Numerous sub-categories of lncRNAs have been proposed based on different features such as their location relative to surrounding coding genes (intergenic, sense/antisense overlapping, divergent) or the chromatin context embedding their transcription start site (TSS) (promoter of a coding gene, enhancer, CTCF binding) but will probably need to be reconsidered based on functional or intrinsic properties of the lncRNAs themselves (Mattick and Rinn 2015). While most stable lncRNAs are transcribed by RNA-pol II, possess a 5’ cap, are polyadenylated and often spliced, some use different ways for 3’ maturation or are otherwise usually unstable and rapidly degraded transcripts (Wilusz, Freier, and Spector 2008; M. Guttman 2009; Lloret-Llinares et al. 2015; Zong et al. 2016).
The sequence conservation across species of these RNAs is on average much lower than for their coding counterparts (Ulitsky and Bartel 2013). It is still not clearly understood whether this suggests that the selection pressure applied on lncRNAs is based on different criteria than the one applied on mRNAs or if it simply reflects the insignificant functionality of a vast majority of them. Indeed, if the structures of lncRNAs are more important than their actual sequences, which might be suggested by the fact that in silico predictions of secondary structures for lncRNAs lead to complex and organised folding (Pegueroles and Gabaldón 2016), it is conceivable that their DNA sequence evolved rapidly under lower constrains.
The average level and tissue-specificity of lncRNAs expression also shows a distinguishable behaviour compared to coding genes. Indeed, the vast majority of lncRNAs are expressed at a lower level than mRNAs, possibly suggesting their specific expression in some sub-populations of cells within a given tissue or cell culture (Cabili et al. 2011; Pauli et al. 2012; Derrien et al. 2012). In agreement with this idea, the expression of lncRNAs is more strongly restricted to a specific tissue or cell type than it is for coding genes. Such specific features argue for a role of lncRNAs in the maintenance of cell identity or in highly specified functional biological tasks (S. J. Liu et al. 2017).

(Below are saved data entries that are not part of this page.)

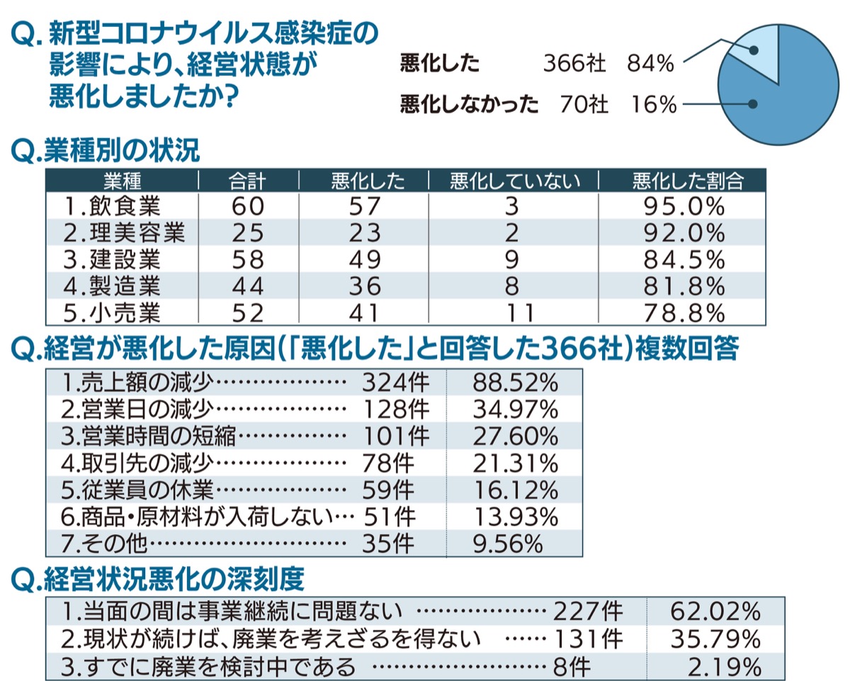 新型コロナの影響により経営状態が悪化したかの質問には、366社(84%)が「悪化した」と回答し、「悪化しなかった」と答えたのは70社(16%)にとどまった。また、「悪化した」と回答した366社に原因を聞くと「売上高の減少」が89%と一番多く、次いで「営業日の減少」35%、「 営業時間の短縮」28%と続く。
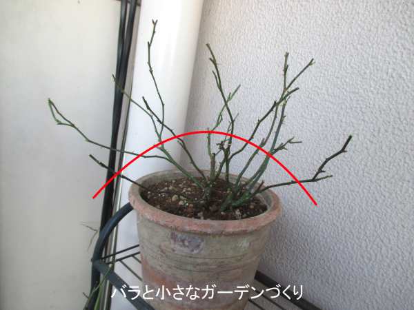 根の大きさと地上部分の大きさは比例しています。鉢植えバラは根が小さい分だけ地上部分が大きくなりすぎないよう、コンパクトに仕立てた方が良い結果につながります。しっかり深いめに冬剪定しましょう。
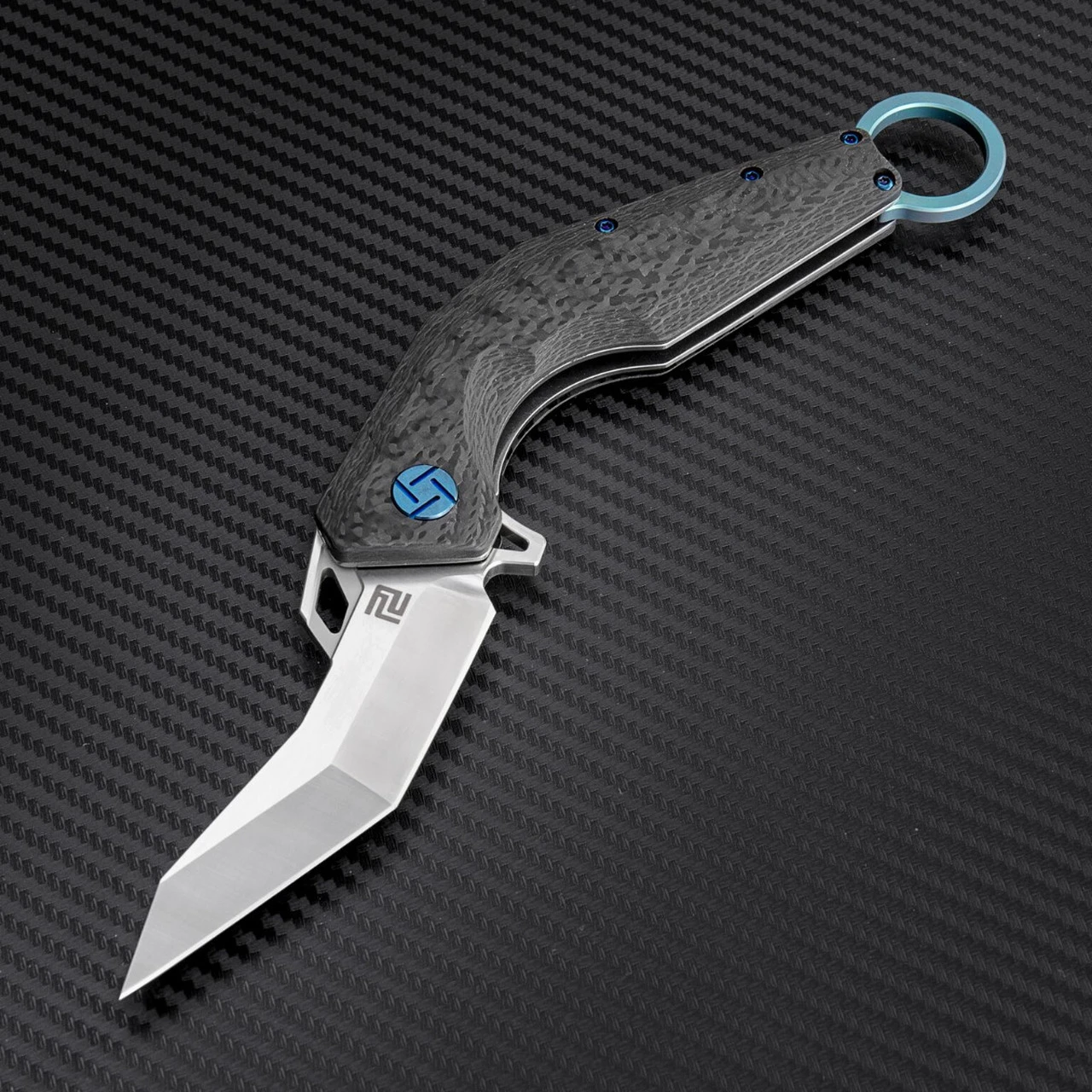 Artisan Cobra ATZ1811GGNM, 3.15″ M390 Plain Blade, Green Carbon Fiber Handle

LncRNAs function in mouse ES cells
First of all, it’s worth mentioning that new ways of action are constantly proposed for lncRNAs. This is not surprising given the incredibly high diversity of transcripts grouped together in the lncRNA family. We will therefore focus on a limited subset of transcripts, chosen to be representative of the diverse functions fulfilled by the lncRNAs, and that have more specifically been shown to play a functional role in pluripotent cells. In particular, the three main classes of regulatory lncRNAs will be mentioned: regulating neighbouring gene(s) in cis, regulating in trans the transcription of distant genes in the nucleus, acting on regulation of gene expression in the cytoplasm.
Despite the very large number of lncRNAs found to be specifically expressed in mouse pluripotent cells, very few of them have been functionally characterized so far (M. Guttman 2009; Mitchell Guttman et al. 2010, 2011; Lv et al. 2015; Bergmann et al. 2015; Bogu et al. 2016).
Gm15055 is a typical cis-regulatory lncRNA (G.-Y. Liu et al. 2016). It is highly expressed in mouse ES cells where it was shown to be positively regulated by Oct4 through a cis-regulatory element. Gm15055 is located 50kb upstream of the Hoxa gene cluster towards which it was shown to recruit the PRC2 complex resulting in the maintenance of H3K27me3 deposition on Hoxa gene promoters and induce transcriptional repression. It was further shown by chromosome conformation capture experiments that Gm15055 locus directly contacts multiple sites of the Hoxa gene cluster in mouse ES cells thus facilitating the cis targeting of Gm15055 RNA to the Hoxa genes.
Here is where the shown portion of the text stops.